— Exercise requirements —
Copy the lines below, please, starting with the one that contains "Mexen Kioto divisória" and ending with the last. Pictures stay out.

— Dataset content —
━━━━━━━━━━━━━━━━

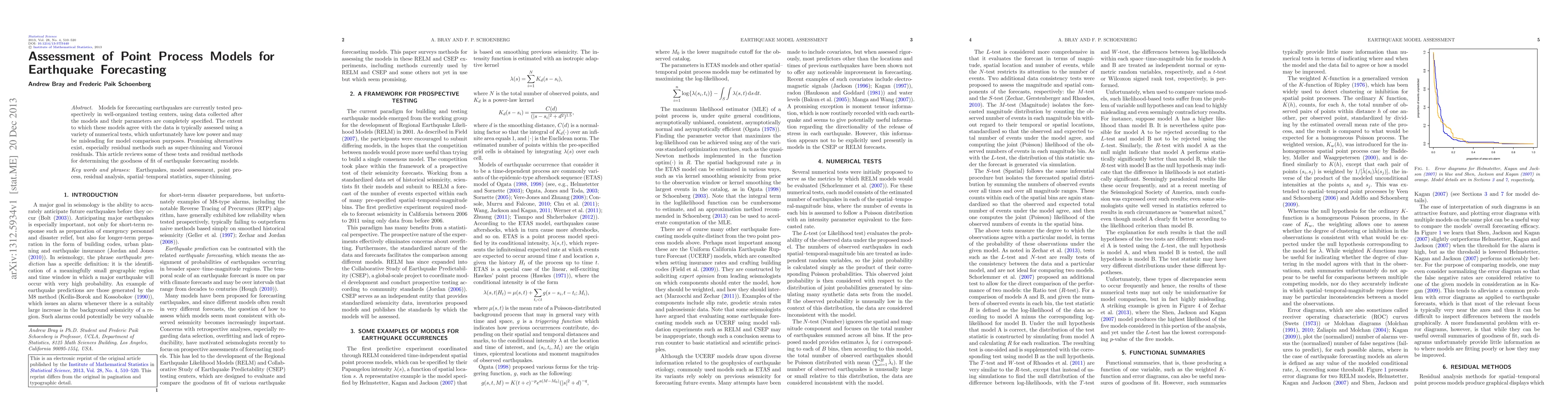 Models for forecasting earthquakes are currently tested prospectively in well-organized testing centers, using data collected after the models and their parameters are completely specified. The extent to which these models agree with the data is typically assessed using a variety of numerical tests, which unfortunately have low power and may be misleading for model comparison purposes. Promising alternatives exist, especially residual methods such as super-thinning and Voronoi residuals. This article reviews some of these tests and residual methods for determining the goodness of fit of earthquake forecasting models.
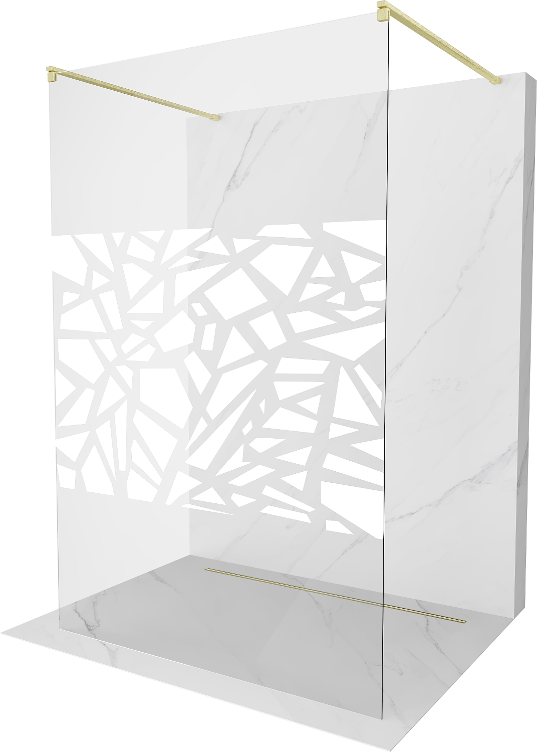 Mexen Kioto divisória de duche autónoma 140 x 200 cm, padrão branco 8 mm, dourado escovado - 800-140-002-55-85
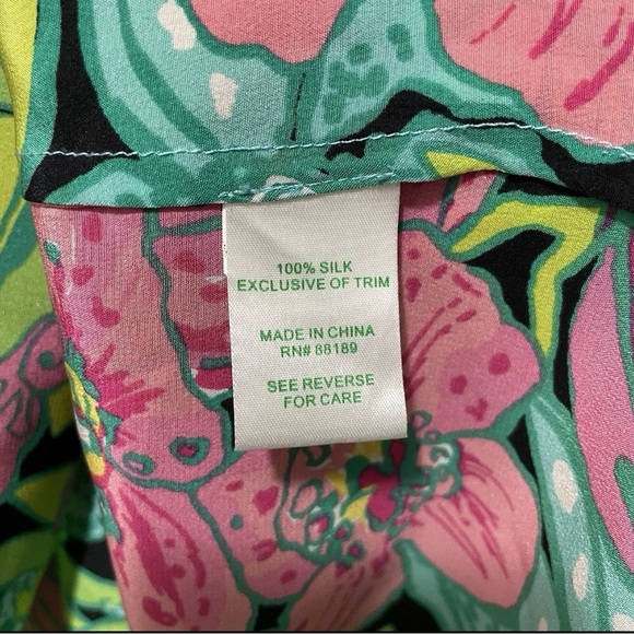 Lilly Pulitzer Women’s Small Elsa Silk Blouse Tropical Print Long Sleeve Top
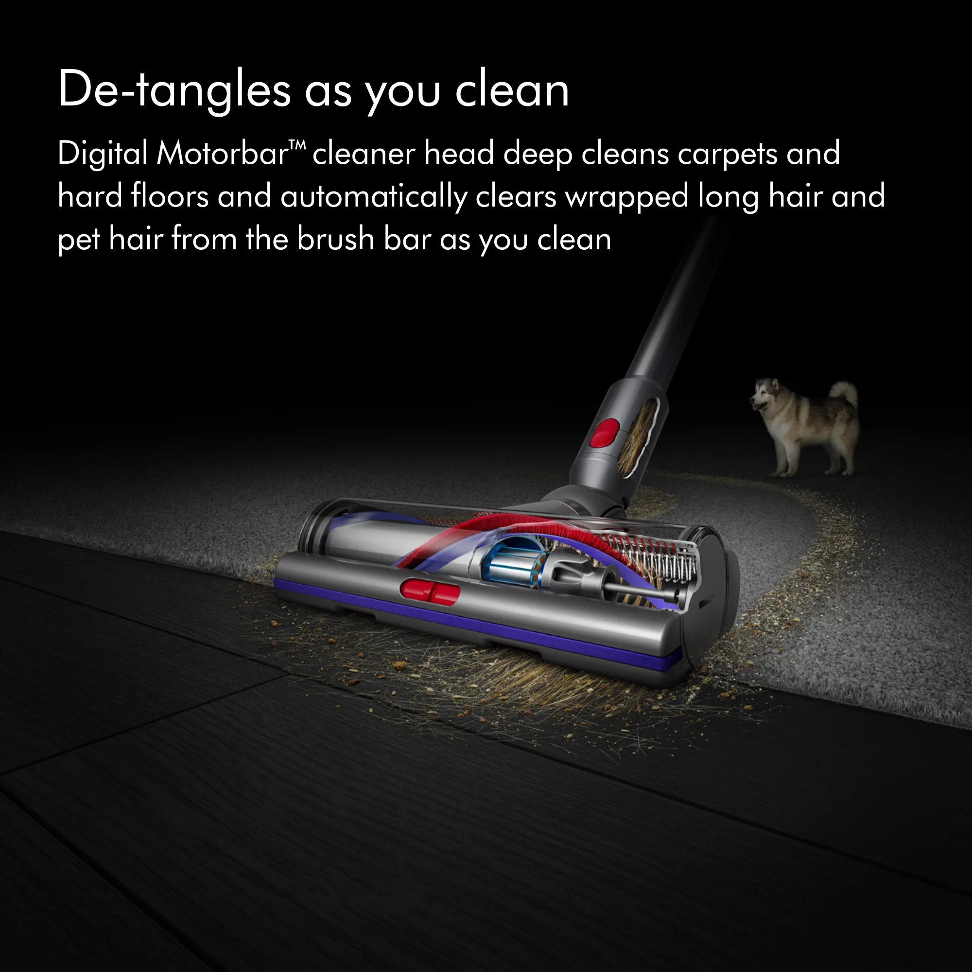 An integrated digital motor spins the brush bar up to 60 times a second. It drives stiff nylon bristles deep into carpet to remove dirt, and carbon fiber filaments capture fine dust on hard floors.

━━━━━━━━━━━━━━━━

— Result of the task —
 Mexen Kioto divisória de duche autónoma 140 x 200 cm, padrão branco 8 mm, dourado escovado - 800-140-002-55-85
 Lilly Pulitzer Women’s Small Elsa Silk Blouse Tropical Print Long Sleeve Top
 An integrated digital motor spins the brush bar up to 60 times a second. It drives stiff nylon bristles deep into carpet to remove dirt, and carbon fiber filaments capture fine dust on hard floors.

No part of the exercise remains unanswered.